C’è poi l’aspetto positivo delle comunità, che di volta in volta viene declinato con attributi del tutto particolari. Per esempio, le cooperative di comunità: si basano su un territorio che non è ad uso esclusivo di chi ne ha diritto per tradizione, ma sulla solidarietà tra portatori di interessi riconosciuti. In questo senso il termine comunità non è escludente ma includente, non è marginalizzante ma anzi produce effetti positivi.

In generale, il rischio di parole come “comunità” o “sostenibilità” è di diventare slogan: termini evocativi che però nascondono altre logiche e si rivelano strumenti inadeguati per sistemare ciò che non va.

La prima suggestione che ne ricaviamo è che “comunità” sia una parola che ha bisogno di essere connotata…

Serve un attributo per declinare la comunità, ma non basta. Bisogna anche riempirla di contenuti adeguati: così diventa una prospettiva alter- nativa a un modello di società dominante che ruota attorno all’individuo portatore di interessi particolari. Anche se siamo al limite dell’ossimoro, potremmo dire che il riferimento comunitario è di carattere tendenzialmente universalistico, che include interessi non di tipo utilitaristico e sganciati dalla logica del profitto. In questi termini la comunità offre una prospettiva capace di guardare ai valori solidaristici della gratuità e della vera sostenibilità.

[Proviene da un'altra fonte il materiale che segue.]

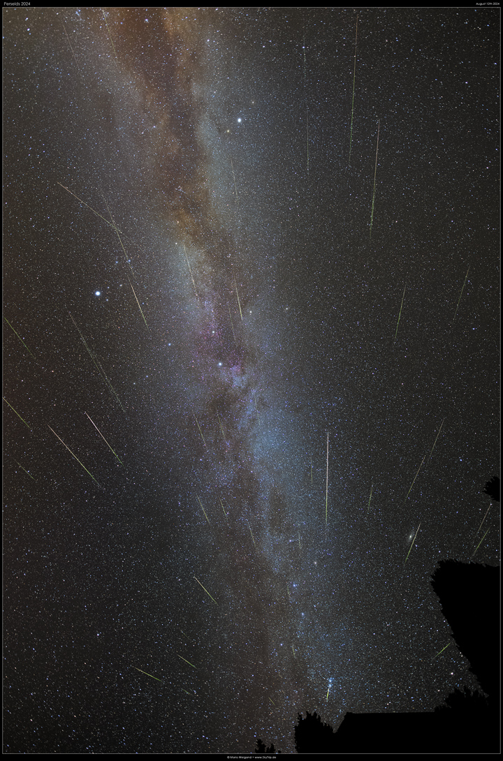 : In der Nacht vom 12. auf den 13. August 2024 hatte ich die Kamera mit dem 14 mm f/1,8 Sigma-Objektiv in Richtung Milchstraße gerichtet, um ein paar Perseiden zu erwischen. 47 Stück und ein "Querschläger" sind mir einige ins Netz gegangen.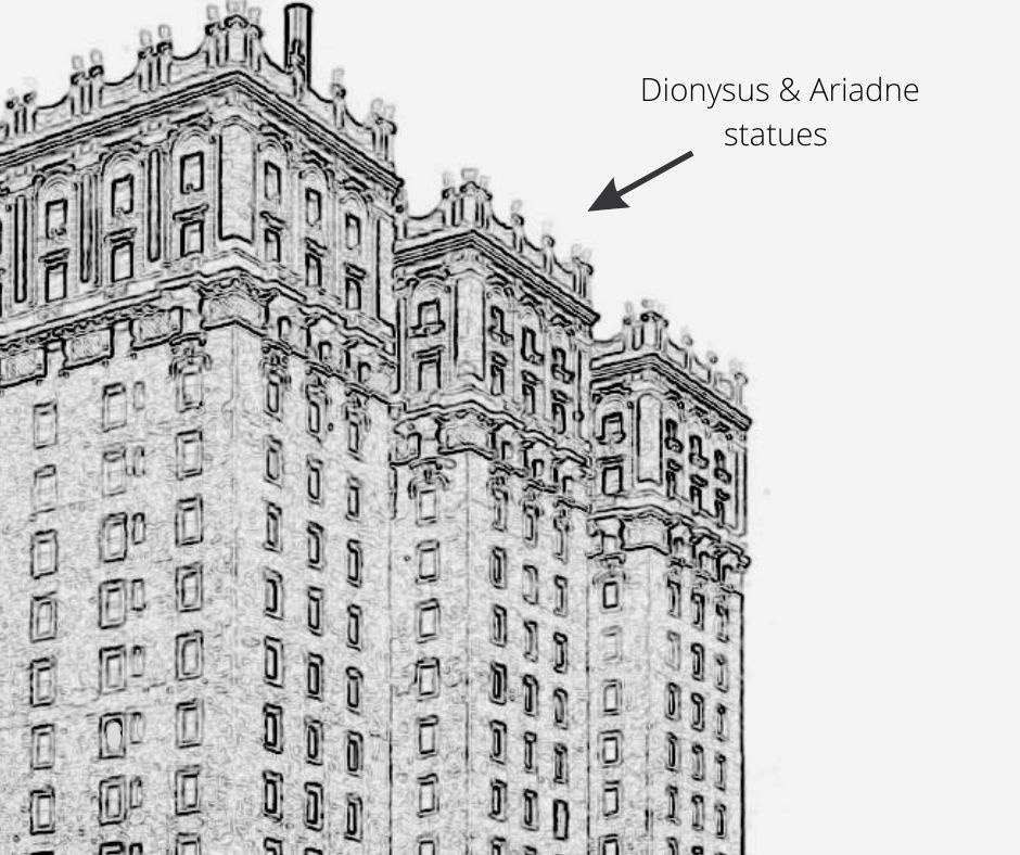 Olde Good Things acquired a small quantity of 5-foot Greek god Dionysus and his wife goddess Ariadne. (Dionysus and Ariadne are Greek names. Bacchus and Libera are their Roman names.) These one-of-a-kind antique statues were recently removed from the top of the Vanderbilt Hotel. Let’s learn the history of the Vanderbilt Hotel and Dionysus and Ariadne themselves.

Se ci chiediamo “comunità di che cosa, di chi e per che cosa”, allora si riesce anche a mettere a punto un’idea capace di proporre qualcosa di alternativo.

Di potente ed evocativo nel termine comunità c’è l’idea che non si possa ridurre tutto all’individuo

Quanto conta l’impegno per rilanciare il termine comunità?

L’impegno è centrale. Nella comunità intesa da Tönnies ci si finiva per nascita, mentre oggi si può scegliere di farne parte, ma abbiamo anche la possibilità di adottare una deriva solipsista. Stare da soli può avere un peso, ma non un costo, mentre scegliere di stare in una comunità ha un costo: vuol dire impegnarsi per qualcosa, per qualcuno, per un gruppo che trascende la dimensione soggettiva. Ed è difficile, in una società che ci ha addestrato all’individualismo.

Le comunità sembrano fornire una prospettiva per affrontare tante sfide odierne. Ma come fare per non cadere nelle trappole che ha descritto?

Viviamo in un mondo sempre più complesso, oltre che complicato, e la sfida della complessità non si vince singolarmente. Però il rischio è adottare un approccio da comunità procedurale: si sviluppano soluzioni condivise per risolvere problemi, che però non è detto che rafforzino il senso comunitario.

Le procedure sono importanti, ma servono anche i valori e sapere con chi voglio creare una collettività che, insieme, individua una direzione che punta al miglioramento della qualità della vita, di un benessere il più ampio e il più inclusivo possibile.

La comunità deve essere una prospettiva germinale: è un seme e – come tutte le cose che crescono – va gestita, accompagnata, accudita. È sbagliato immaginarsi una comunità già data, è una prospettiva che si costruisce e va allenata.